Healing the ear:
investigating corn resistance
to a fatal fungus
By Carol Crabbe

OTTAWA — Linda Harris has always been interested in learning "how life works." As a result, she has been doing scientific research since the late-'70s.

Gibberella ear rot, caused by the fungus Fusarium graminearum

Her first published work was a paper on the feeding habits of the white pine weevil – research she conducted while an undergraduate student at Simon Fraser University in British Columbia.

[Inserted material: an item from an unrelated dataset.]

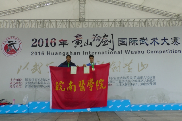 2016年“黄山论剑”国际武术大赛由国家体育总局武术运动管理中心、中国武术协会、安徽省体育局、黄山市人民政府共同主办, 2016年11月14日至17日在中国安徽省黄山市体育馆举行,为期4天,有来自境外37个国家和地区及全国20个省市61支队伍近800名运动员,参加传统拳术、太极拳、南拳、单器械、长器械、短器械等项目的比赛。“黄山论剑”高手如云,面对专业选手,闫俊翔同学在吴寿枝、郭雷祥两位教练指导下稳扎稳打,用实力取得了1金1铜的骄人成绩。

From there, she's worked on various subjects within genetics and molecular biology

Now, Harris has moved east to the Central Experimental Farm to pursue her interest in plant-pathogen interaction and do reseach onplant disease caused by the fungus Fusarium graminearum.

Fatal fungus

This fungus, usually called Fusarium, causes cereal plants like wheat, barley and corn to go mouldy and dangerous for humans and animals to eat. Harris is working with other researchers at the Farm's Eastern Cereal and Oilseed Research Centre to find out more about the disease and its effect on corn.

Fusarium causes an increase in deoxynivalenol (DON) – a toxin that is dangerous for humans to consume. DON is also known as the vomit toxin, because it causes animals to throw up. Other toxins can also cause abortions in animals.

Fusarium enters corn through the silk tassels on the ear or directly through "wounds" or holes made on the corn's surface by insects and birds.

According to Harris, this fungus does well in temperate climates, which is why it is so prominent in parts of Canada. Fusarium also needs a humid environment to develop and finds a perfect atmosphere in the parts of Canada where corn is grown.

Corn also has limited resistance to Fusarium so that large yields of the crop can become useless for human and animal consumption, and cost farmers millions of dollars in losses.

Finding out about Fusarium

Harris studies the genes of the corn plant and the proteins these genes produce to find out what happens when the fungus attacks a plant.

To do this, Harris and her fellow researchers first grow Fusarium in V-8 juice. The V-8 juice has nutrients the fungus needs to grow, Harris says, so its an ideal environment The next step is to infect ears of corn with the fungus and see what proteins are produced in the corn, and what genes produce these proteins.

This is the basis of the proteomic and genomic study. The corn used for these experiments is grown on the Farm. It is important to find out about the genes in the plant, Harris says, because in each ear of corn, there are two kinds: genes that are "turned on" when Fusarium attacks and ones that are "turned off."

Pictures of genes

Microarrays are like photos of genes, and are used to find out which ones work harder when the disease attacks, and which ones work less. If a gene is "turned on" in reaction to the fungus, it produces more of a particular protein, and if it is "turned off" it produces less of that protein.

Picture of Genes: subsample of a microarray comparing the gene expression levels of thousands of maize genes responding to Fusarium infection.

The research seems pretty basic, but Harris says this information is essential because the genes in the plant can be catalogued from this process.With this information, links can be made between resistance, genes and proteins in corn.

Further research can then be done to isolate the specific genes that cause resistance, and these genes can be reproduced to make corn plants more able to withstand the disease.

What's next?

Predictably, the groups most interested in this research are the Ontario Corn Producers Association and Ontario Pork Producers, who are funding her work along with a number of smaller groups. According to Harris, most of the corn produced in the eastern part of Canada is fed to pigs.

Fusarium research is wide ranging in Canada , some researchers focus on the fungus itself – which has already been genetically sequenced – and others, like Harris, focus on the plants it attacks.Harris says most of the previous research has been done using wheat, but very little has been done with corn.

With her research, Harris is in some way learning "how life works" and in the process, helping to heal the corn industry. One ear at a time.